Is it the purpose of the enforce_clientauth ? Or does Search Guard have other mechanisms such as the IP Filtering provide by Shield ?
Thanks a lot,
Thib
Hello,
The searchguard.ssl.transport.node.enforce_clientauth
parameter force the nodes to check if their truststore contains the certificate of new connecting nodes. It may be very effective but a bit long to set up as you have to generate and deploy every certificates of the nodes. You can use SSL between the nodes with just only searchguard.ssl.transport.node.enabled: true and searchguard.ssl.transport.node.keystore_type and searchguard.ssl.transport.node.keystore_filepath correctly configured.
···
On Thursday, July 23, 2015 at 7:04:10 AM UTC+2, Thibault Clement wrote:
Hello guys,
I’m currently looking for a solution to secure my ElasticSearch cluster.
I would like to prevent than anyone in my network can start an ES node and join my cluster by setting the same cluster name.
I was looking to your solution Search Guard and I see in the searchguard_config_template.yml the following properties:
Do other nodes have to authenticate themself to the cluster, default is true
#searchguard.ssl.transport.node.enforce_clientauth: true
``
Unfortunately I didn’t find any documentation/example about how to configure the transport layer.
First I would like to know if I can I use Search Guard to prevent anyone to join the cluster or I’m misunderstanding ?
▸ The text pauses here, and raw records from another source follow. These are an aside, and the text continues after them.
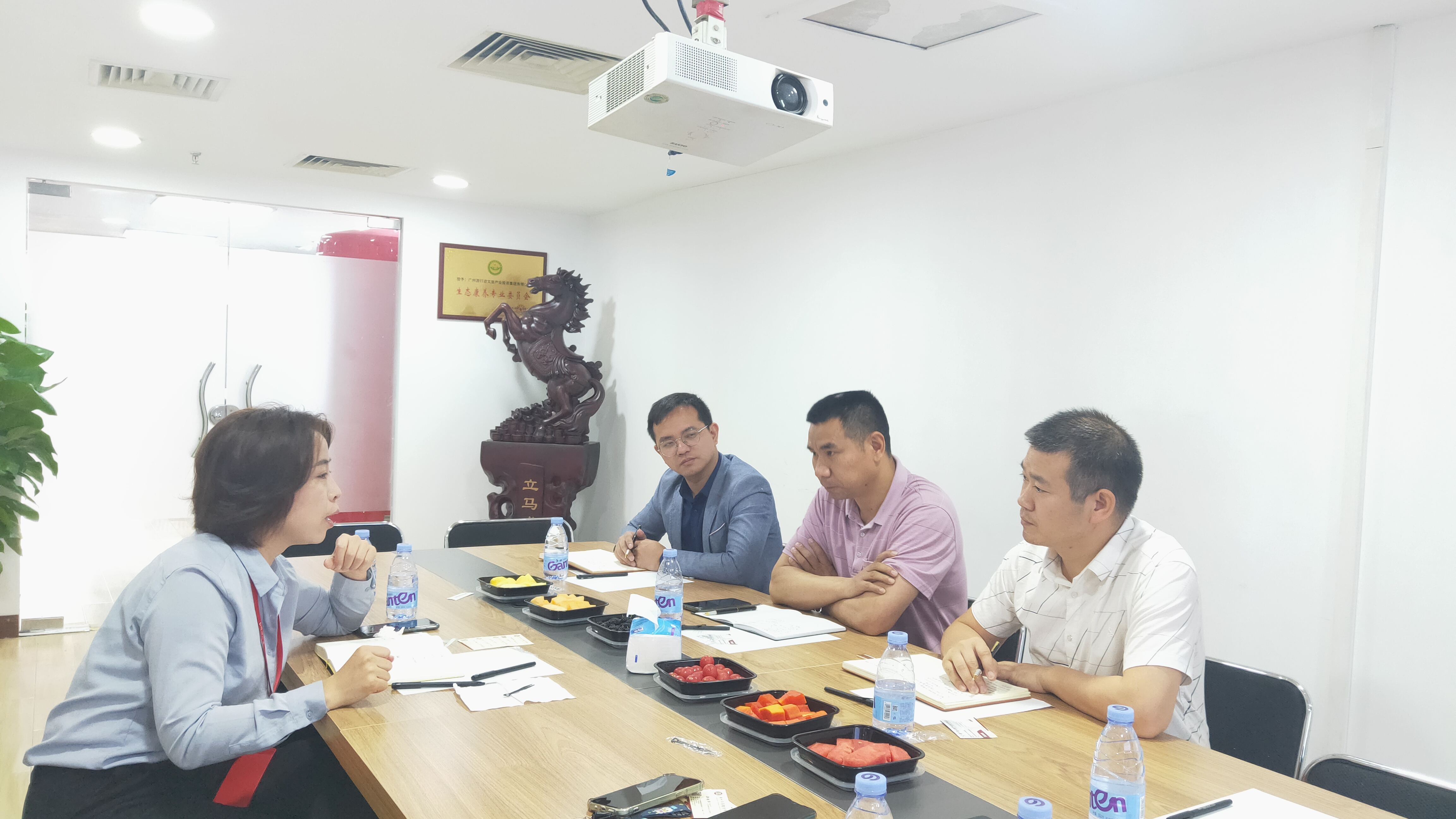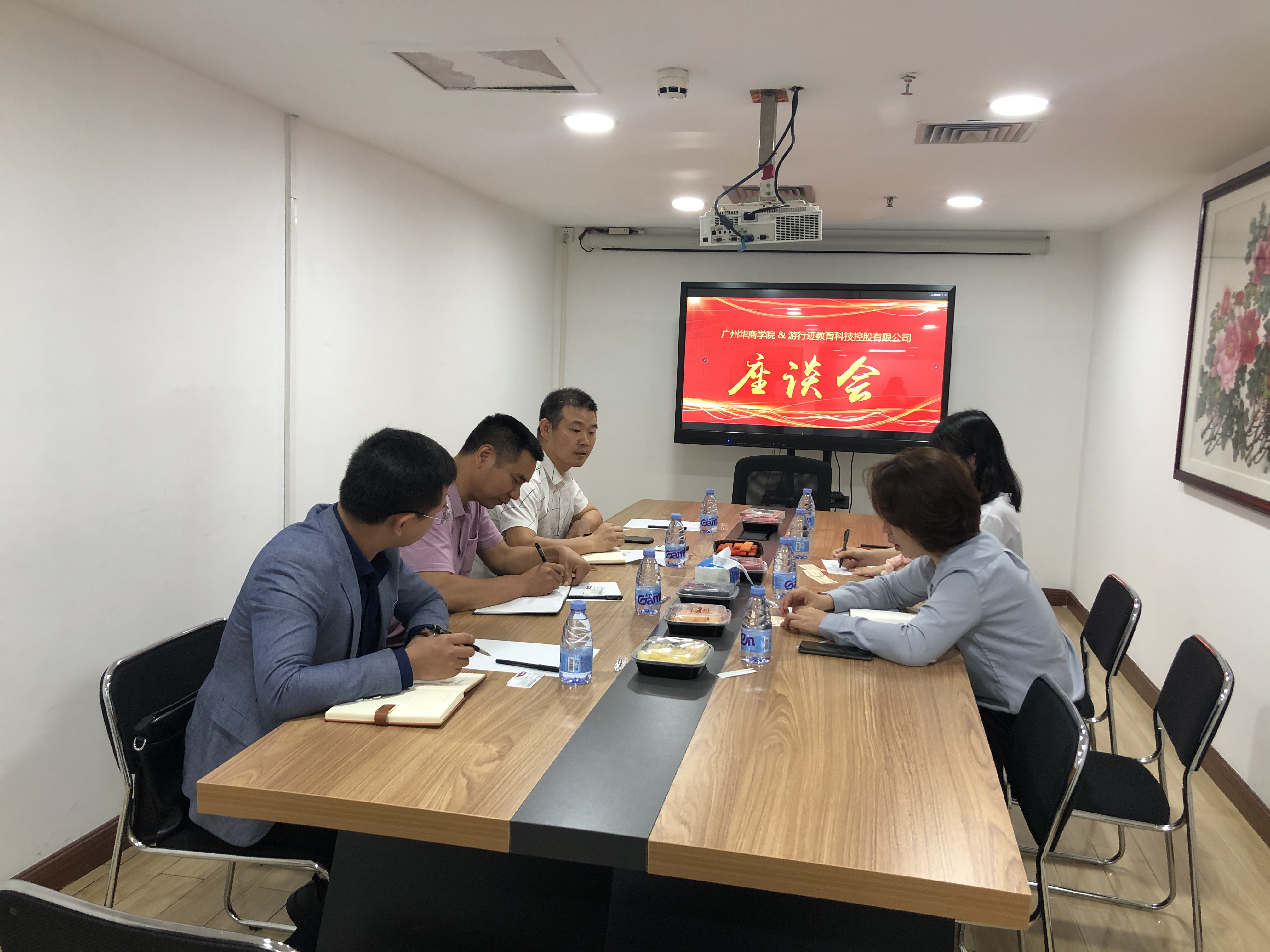 我院一行受到了广州游行迹文旅产业投资集团有限公司副总经理桑琳琳、游行迹教育总经理助理胡颖怡等领导的热情接待。我院袁尧清院长一行在会议厅进行了深入的学习交流。广州游行迹文旅产业投资集团有限公司副总经理桑琳琳在交流会上致辞,对我院一行的到来表示欢迎,然后介绍了该集团的合作意向。
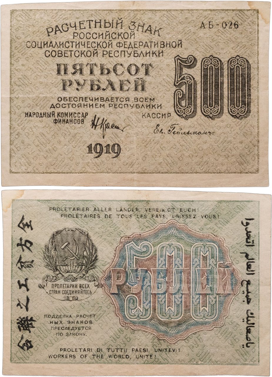 500 рублей 1919 наркомфин Крестинский, кассир Гейльман
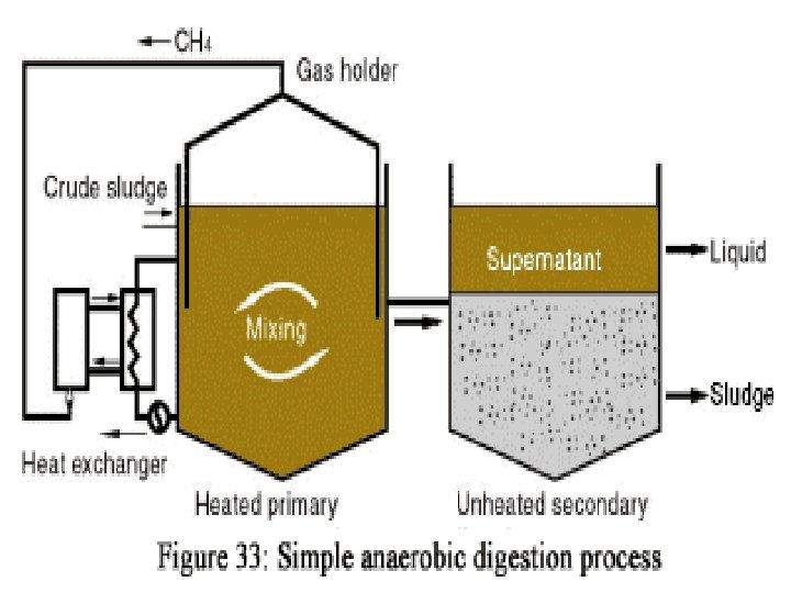 • Anaerobic digestion is usually carried out in a specially built digester, where the content is mixed and the digester maintained at 35◦C by combusting the biogas produced. • After digestion the sludge is passed to a sedimentation tank where the sludge is thickened. Biogas is collected from the digester. The thickened sludge requires further treatment prior to reuse or disposal.
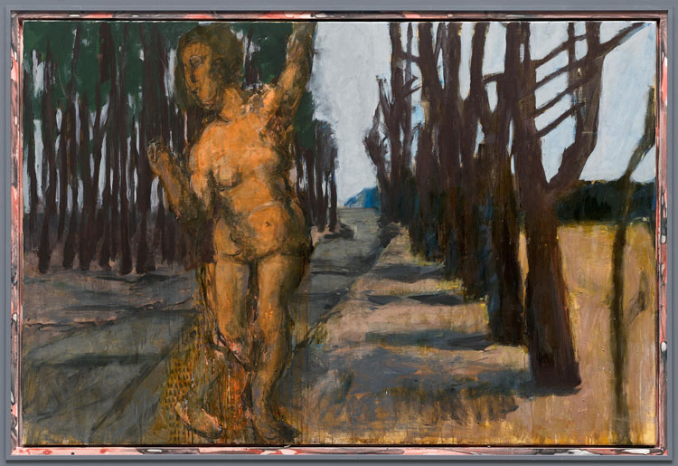 The same lake appears in Aktaion, as well as several of the exhibition’s smaller works, often (but not always) depicted as an unyielding rectangle of white. The classical Arcadia, like the region in the Peloponnese of the same name, was hilly and golden-hued. Lüpertz’s is palely lit and largely flat. One painting, Märkische Allee III (2017), features a road curving into the distance with the merest hint of a bump. Lüpertz’s landscapes are based on those that surround his studio in the March of Brandenburg, into which he brings characters classical and biblical, Arcadian and Edenic. An Eva (Märkisch) (2017) pulls the apple almost to her mouth, while a nude Nymphe Märkisch (2020) strokes her hair.

Is it the purpose of the enforce_clientauth ? Or does Search Guard have other mechanisms such as the IP Filtering provide by Shield ?
Thanks a lot,
Thib
Thanks for your answer Simon
···
On Friday, July 24, 2015 at 4:15:43 PM UTC+7, simon....@gmail.com wrote:
Hello,
The searchguard.ssl.transport.node.enforce_clientauth
parameter force the nodes to check if their truststore contains the certificate of new connecting nodes. It may be very effective but a bit long to set up as you have to generate and deploy every certificates of the nodes. You can use SSL between the nodes with just only searchguard.ssl.transport.node.enabled: true and searchguard.ssl.transport.node.keystore_type and searchguard.ssl.transport.node.keystore_filepath correctly configured.
On Thursday, July 23, 2015 at 7:04:10 AM UTC+2, Thibault Clement wrote:
Hello guys,
I’m currently looking for a solution to secure my ElasticSearch cluster.
I would like to prevent than anyone in my network can start an ES node and join my cluster by setting the same cluster name.
I was looking to your solution Search Guard and I see in the searchguard_config_template.yml the following properties:
Do other nodes have to authenticate themself to the cluster, default is true
#searchguard.ssl.transport.node.enforce_clientauth: true
``
Unfortunately I didn’t find any documentation/example about how to configure the transport layer.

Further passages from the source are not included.